_What is required_: Using the data below, set down every line from the one containing "Ngược lại, khi" through the one containing "Ingredients: Parmesan Cheese", inclusive and unchanged. Pictures are to be skipped.

_Data under study_:
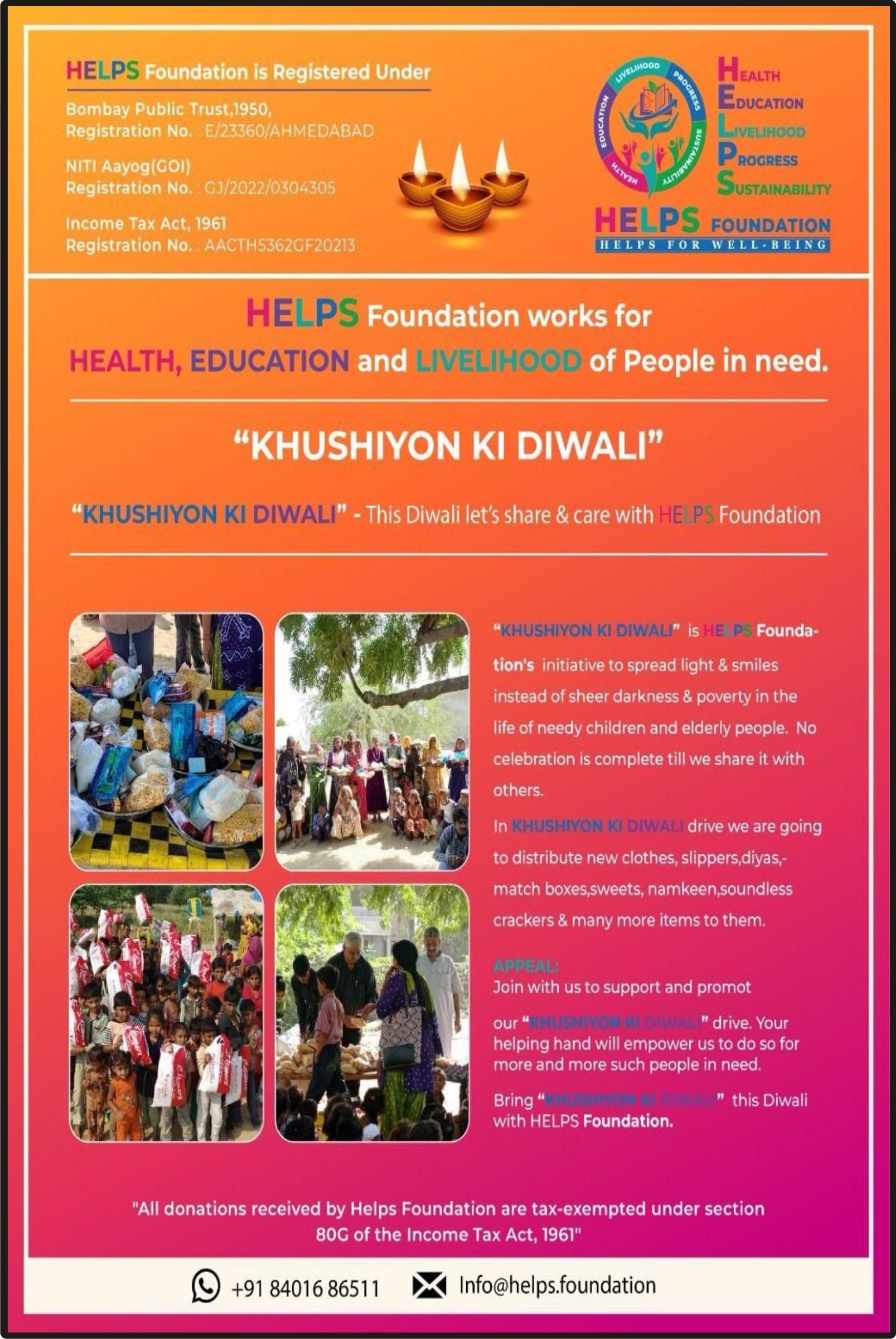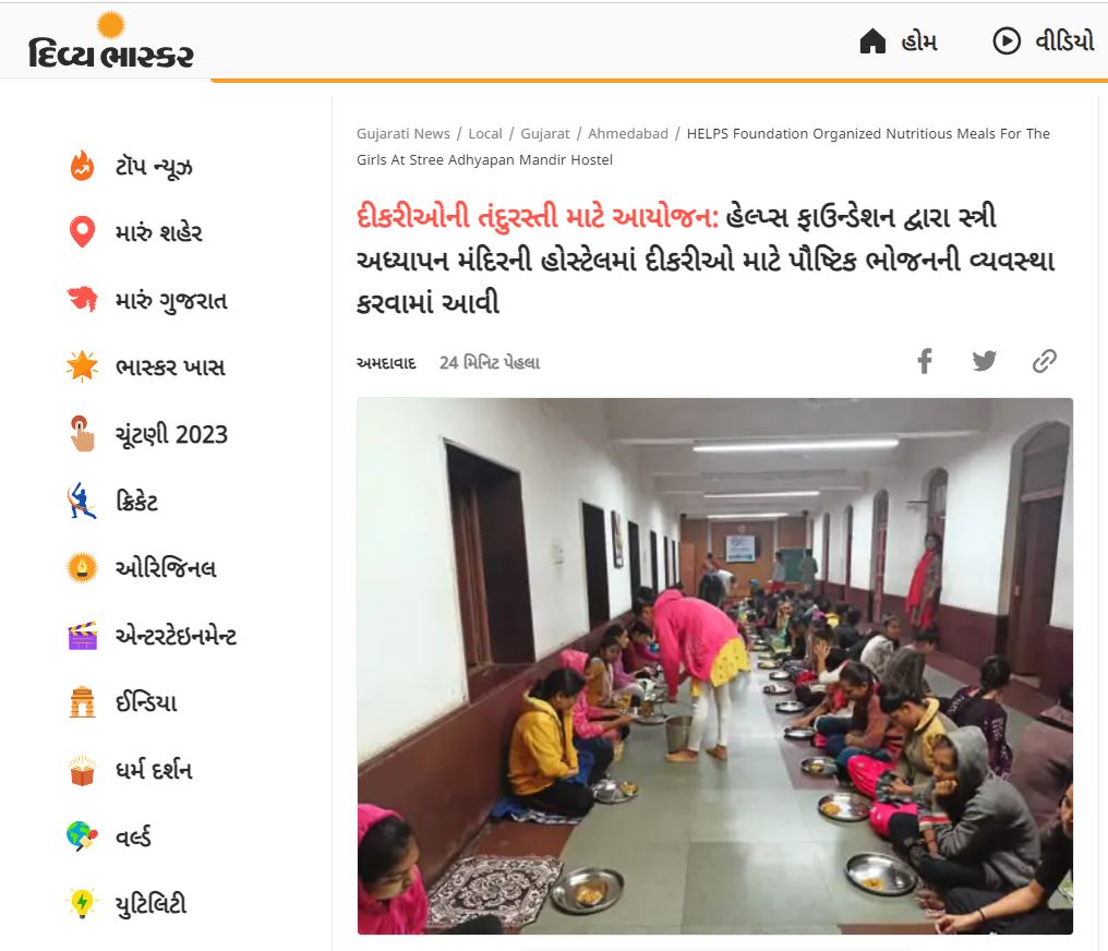 હેલ્પ્સ ફોઉન્ડેશન દ્વારા આશો નવરાત્રી અષ્ટમી નિમિત્તે કુમારિકા દાન તથા ભોજન
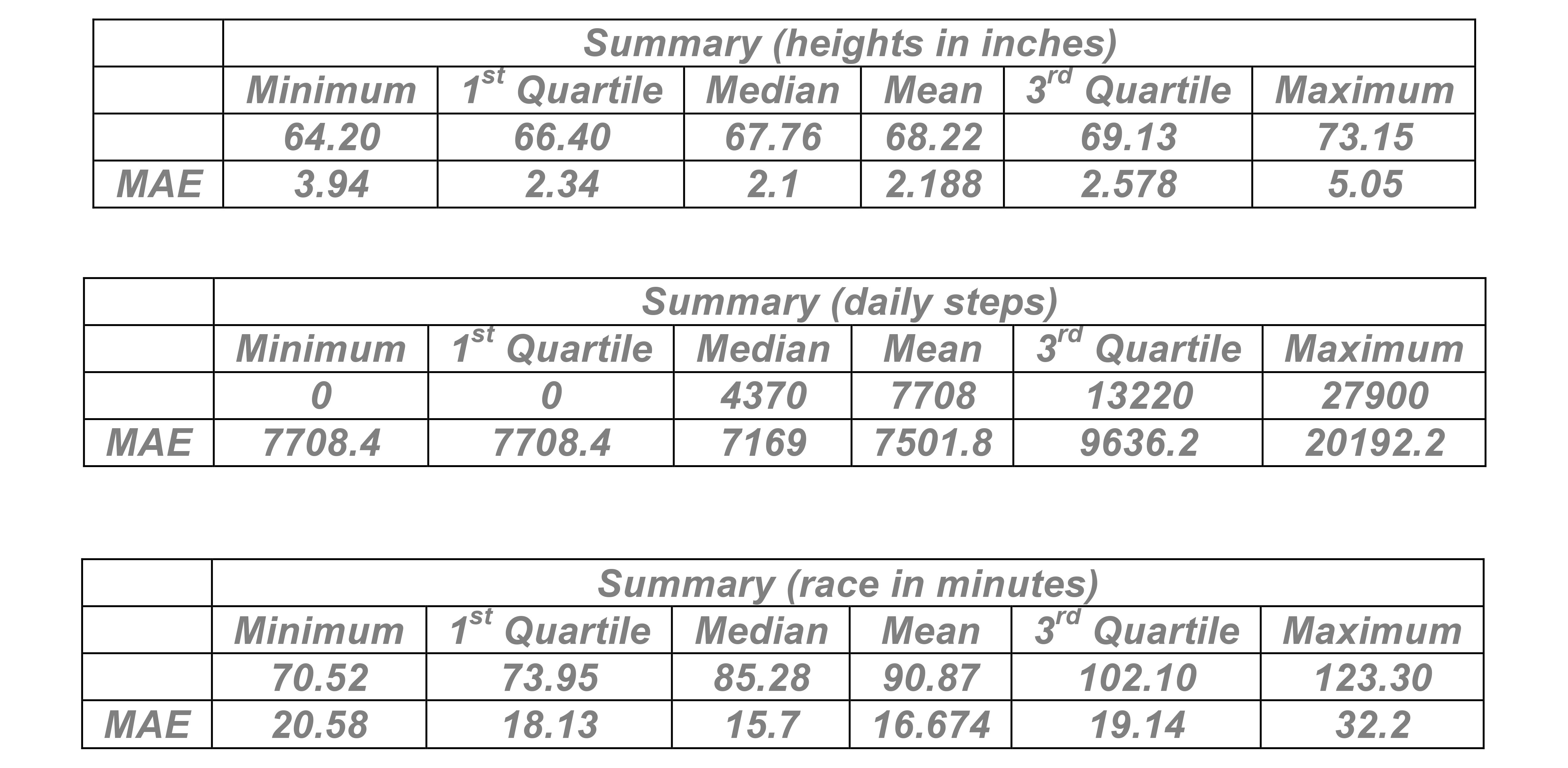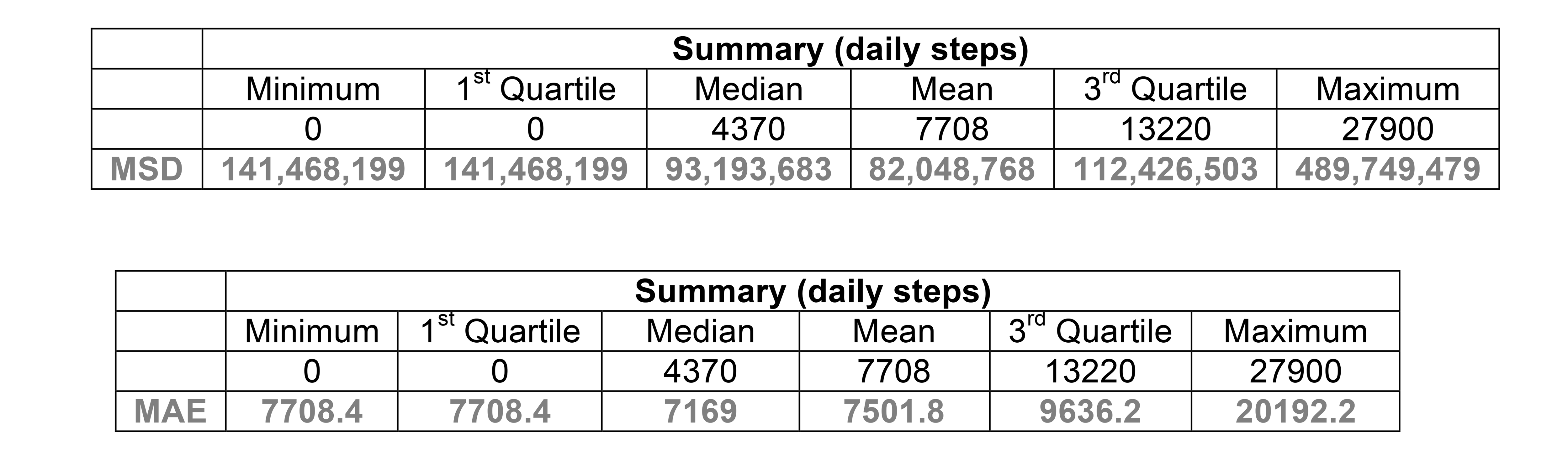 Outcomes: here are the actual daily steps that this person took – 0, 27903, 6044, 0, 0, 17436, 2697, 14944, 8060, 0. Which of these numbers did best? Compare your score using the mean squared deviations.
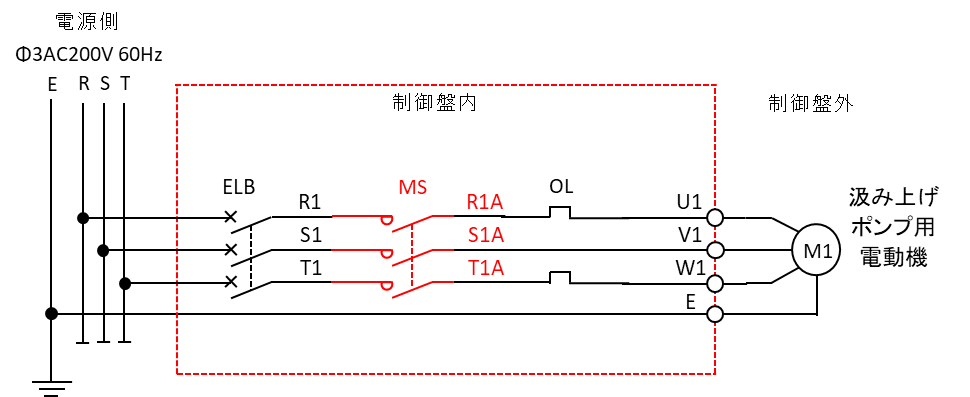 Ngược lại, khi nhấn nút dừng (PB2, thường đóng) trong mạch điều khiển 24V, mạch tự giữ bị cắt, cuộn hút RY1 mất điện, dẫn đến tiếp điểm RY1 thường mở mở. Điều này ngắt nguồn 100V đến cuộn hút MS, khiến các tiếp điểm lực MS mở, cắt nguồn điện ba pha đến động cơ, và máy bơm dừng hoạt động.
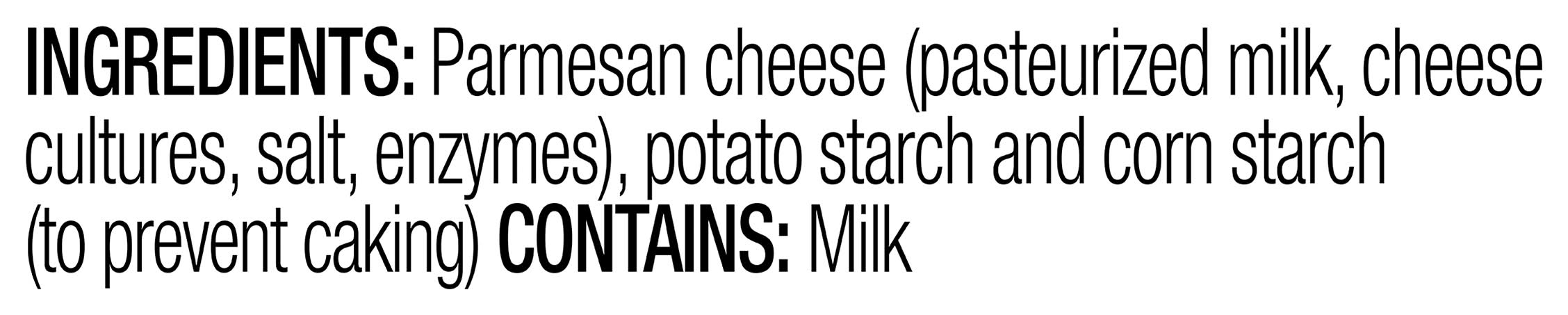 Ingredients: Parmesan Cheese (Pasteurized Milk, Cheese Cultures, Salt, Enzymes), Potato Starch and Corn Starch (to Prevent Caking) Contains: Milk, Corn
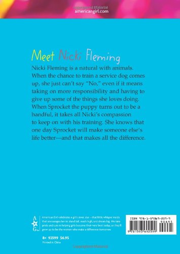 Nicki Fleming is a 10-year-old girl who is a natural with animals. She lives on a working Colorado ranch with her parents and younger brother. She is optimistic, generous, and compassionate, and she loves skiing almost as much as she loves animals. Nicki has a hard time saying “no” to people. Whenever anyone asks for her help, she’s ready to lend a hand. When Nicki says “yes” to becoming the main trainer of a service dog that she and her mother had planned to train together, Nicki ends up in over her head, and struggles to juggle multiple responsibilities: to her parents, her best friend, her teacher–and to the dog. But in the process of training the lively and spirited Sprocket, Nicki’s affection for him grows–even while she keeps reminding herself that she has to give him up to someone who needs him more than she does. Equally important, Nicki learns some important lessons for herself. Book One ends with the with big test–and success!–of Sprocket’s potential as a service dog, and Nicki’s deep pride in their joint accomplishment.
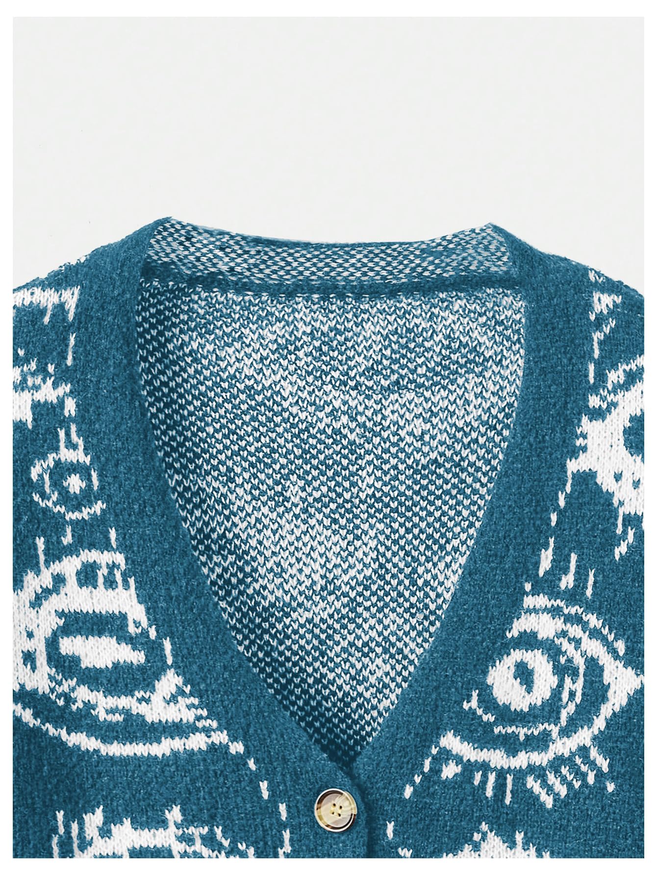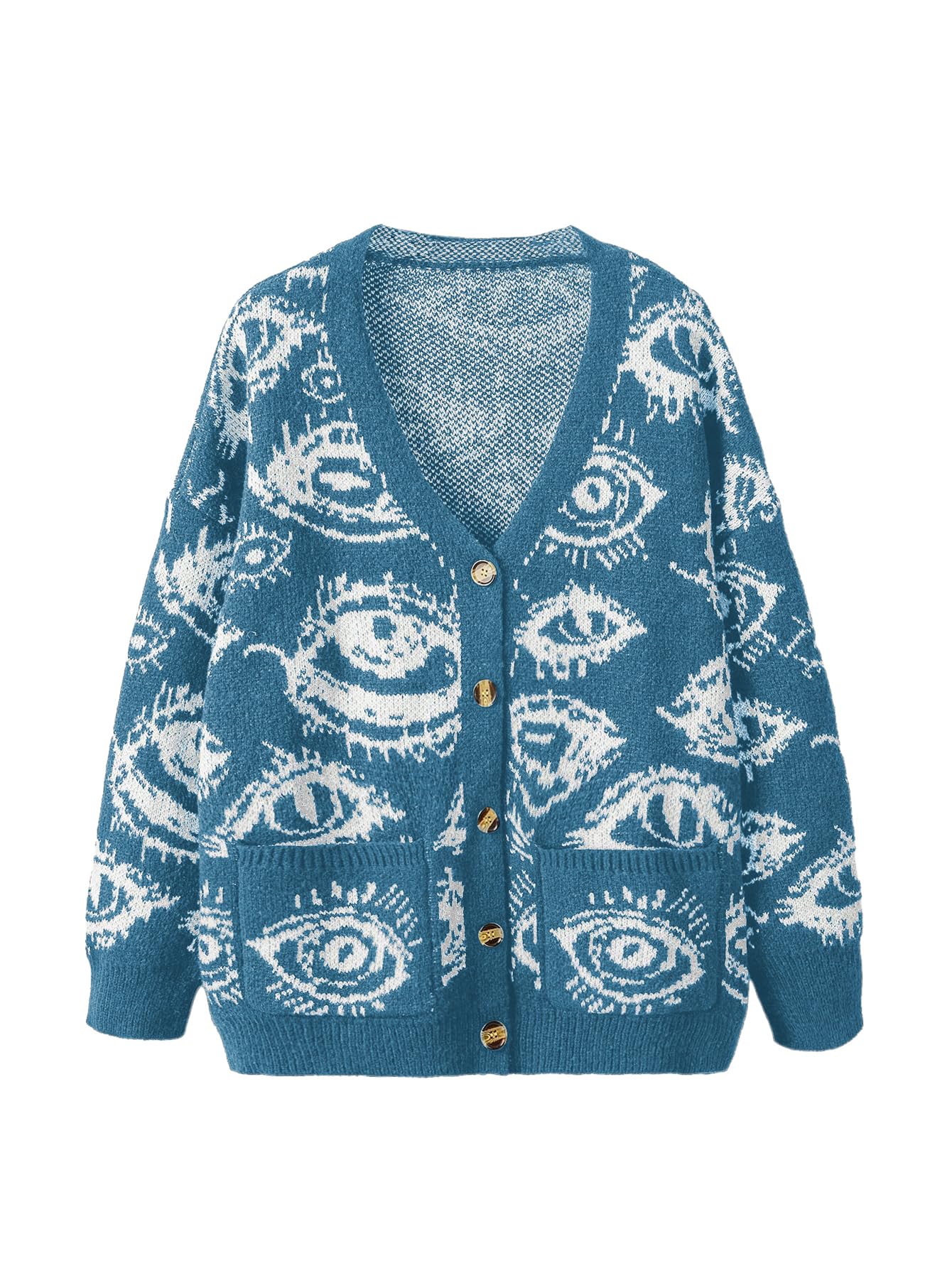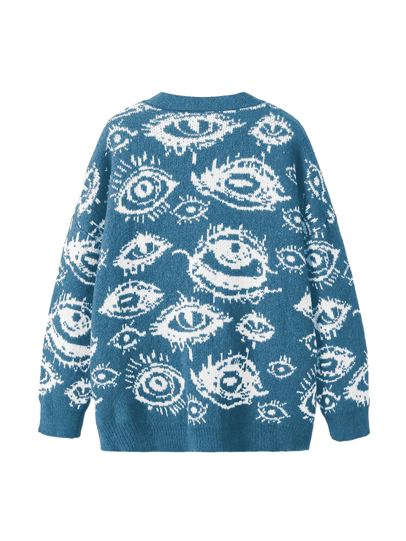 Features: button down cardigan for women, grunge punk sweater cardigan, eye print, goth sweater top, long sleeve, v neck
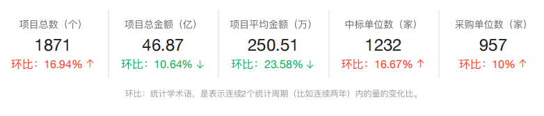 市场主体方面,本年中标企业总数为1232家,环比上年增长16.67%;完成招标采购的采购单位总数957家,环比上年增长10%;
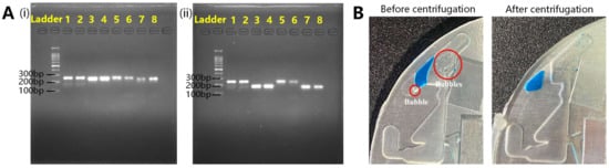 (A) The gel electrophoresis results of PCR verification. (i) Lanes 1 and 2 are the yhaI results on conventional PCR device; lanes 3 and 4 are the arcC results on conventional PCR device; lanes 5 and 6 are yhaI results on chip; lanes 7 and 8 are arcC results on chip. (ii) Lanes 1 and 2 are yhaI results on a conventional PCR device; lanes 3 and 4 are PEX-2 results on a conventional PCR device; lanes 5 and 6 are yhaI results on a chip; lanes 7 and 8 are PEX-2 results on a chip. (B) Photo of bubble removal before and after centrifugation.
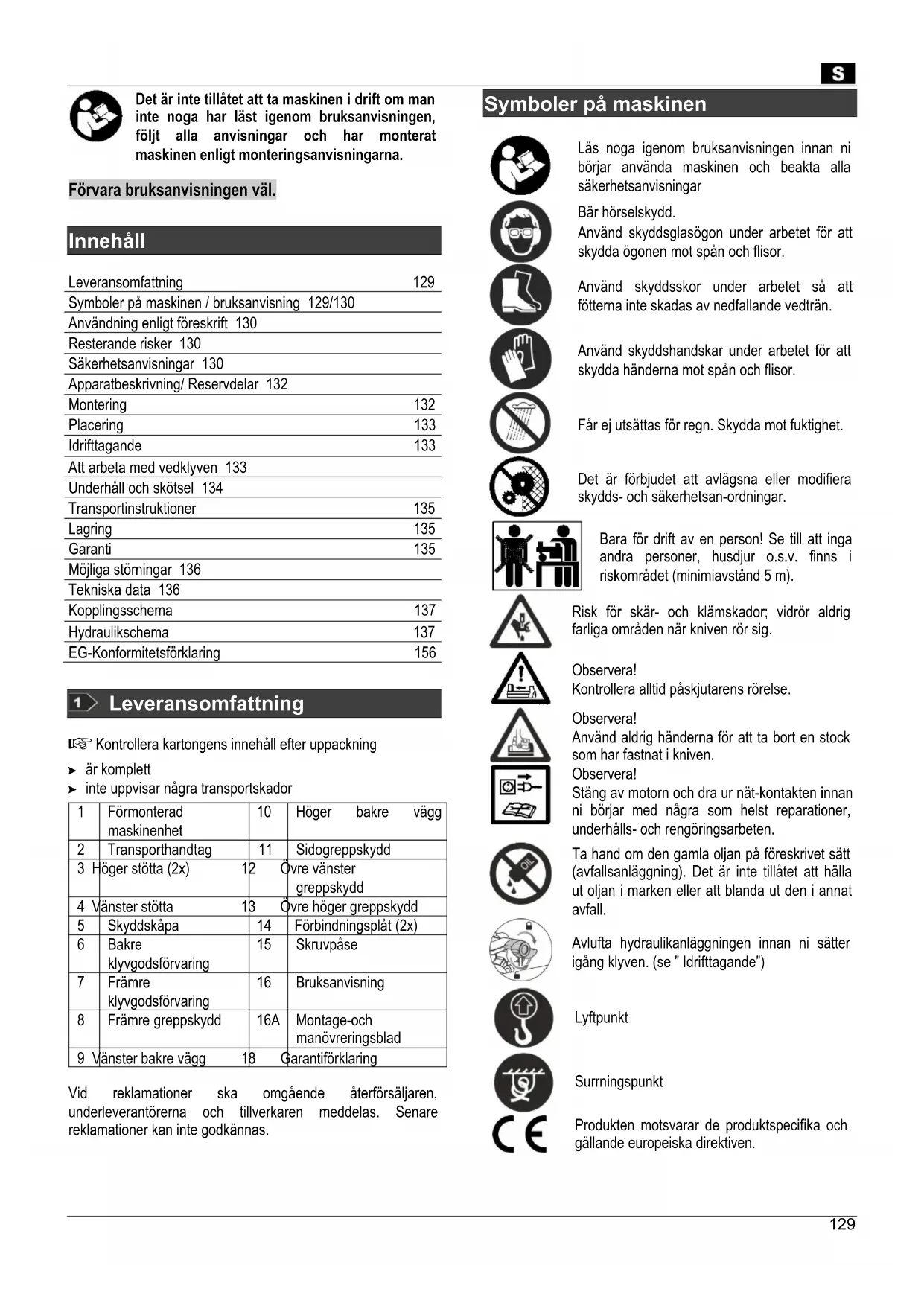 Innehåll Leveransomfattning 129 Symboler på maskinen / bruksanvisning 129/130 Användning enligt föreskrift 130 Resterande risker 130 Säkerhetsanvisningar 130 Apparatbeskrivning/ Reservdelar 132 Montering 132 Placering 133 Idrifttagande 133 Att arbeta med vedklyven 133 Underhåll och skötsel 134 Transportinstruktioner 135 Lagring 135 Garanti 135 Möjliga störningar 136 Tekniska data 136 Kopplingsschema 137 Hydraulikschema 137 EG-Konformitetsförklaring 156
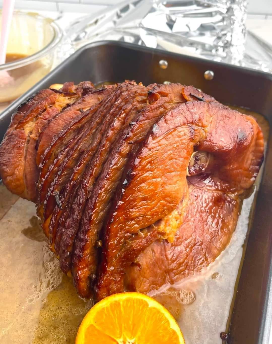 Deze spiraalvormige ham wordt in de oven gekookt met pittig sinaasappelsap en verwarmd tot de perfecte temperatuur met een gouden, houtachtige glazuur van ahornsiroop en bruine suiker. De gekarameliseerde buitenkant in combinatie met het sinaasappelsap houdt je voorgekookte ham sappig en heerlijk tijdens het opwarmen.

_Task solution_:
 Ngược lại, khi nhấn nút dừng (PB2, thường đóng) trong mạch điều khiển 24V, mạch tự giữ bị cắt, cuộn hút RY1 mất điện, dẫn đến tiếp điểm RY1 thường mở mở. Điều này ngắt nguồn 100V đến cuộn hút MS, khiến các tiếp điểm lực MS mở, cắt nguồn điện ba pha đến động cơ, và máy bơm dừng hoạt động.
 Ingredients: Parmesan Cheese (Pasteurized Milk, Cheese Cultures, Salt, Enzymes), Potato Starch and Corn Starch (to Prevent Caking) Contains: Milk, Corn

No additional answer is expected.